The DMO held its monthly auction of FGN bonds on Monday (19 September ’22). It offered N225bn but raised N229.2bn (competitive allotment only) through re-openings of the 2025, 2032 and 2037 FGN bonds. The participation level was slightly lower when compared to the auction held in August.

The bid-to-cover ratio for September stood at 1.1x compared to 1.2x in August. The DMO secured a total bid of N246.4bn (USD564m) at the auction. The bids for the 3, 10 and 15-year benchmarks were allotted at the marginal rates of 13.5% (previously; 12.5%), 13.8% (previously; 13.5%) and 14.5% respectively.

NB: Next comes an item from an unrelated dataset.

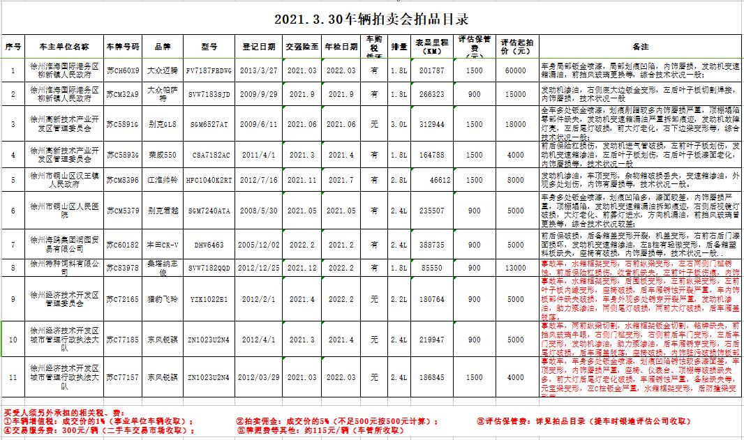 關注微信公眾號我公司受委托,定于2021年3月30日9:30在中拍平臺公開拍賣以下公務車輛: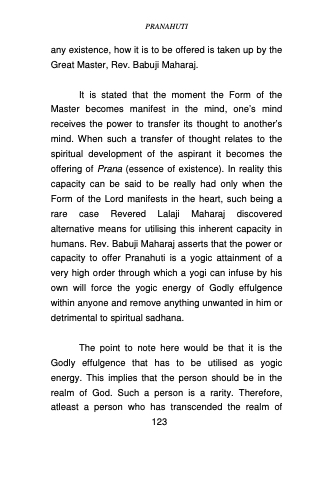 It is stated that the moment the Form of the Master becomes manifest in the mind, one’s mind receives the power to transfer its thought to another’s mind. When such a transfer of thought relates to the spiritual development of the aspirant it becomes the offering of Prana (essence of existence). In reality this capacity can be said to be really had only when the Form of the Lord manifests in the heart, such being a rare case Revered Lalaji Maharaj discovered alternative means for utilising this inherent capacity in humans. Rev. Babuji Maharaj asserts that the power or capacity to offer Pranahuti is a yogic attainment of a very high order through which a yogi can infuse by his own will force the yogic energy of Godly effulgence within anyone and remove anything unwanted in him or detrimental to spiritual sadhana.

The demand at this auction is partly driven by expected inflows of N166bn in coupon payments later this month as well as, improved system liquidity primarily driven by inflows of N185.8bn in FGN bond coupon payments in the first three weeks of September.

Coronation Merchant Bank’s economic research team note that market liquidity stood at a surplus of N28.3bn on Monday (20 September ‘22). Overnight and repo rates closed within a range of 9 – 11%.

The DMO had set out to raise N1.8trn through FGN bonds by end-Q3 ’22. However, yearto-date, it has raised N2.3trn, exceeding its target by 15% or N268bn. Considering the sale of other debt instruments such as NTBs and savings bonds, the DMO is on track pro rata to meet or exceed its domestic borrowing target (N3.53trn) for the year.

According to the DMO’s latest public debt report, total domestic debt increased by 5% q/q and 20.6% y/y to N26.2trn as at Q2. The increase can be partly attributed to increases in FGN bonds (6.7% q/q), NTBs (2.2% q/q) and FGN Savings bond (15.2% q/q).

FGN bonds accounted for 72.5% of total domestic borrowings in Q2. We maintain our view that the FGN is likely to depend on domestic borrowing to meet its fiscal deficit due to unfavourable external conditions.

Coronation Merchant Bank’s economic research team see mid-curve FGN bond yields around 13.0 – 14.0% and yields at the longer-end of the curve between 14.0% – 15.0% over the next one month. However, the level of system liquidity (impacted by items such as auctions, CRR debits/refunds, bond/NTB maturities, coupon payments and FAAC allocation) would also influence movement in yields.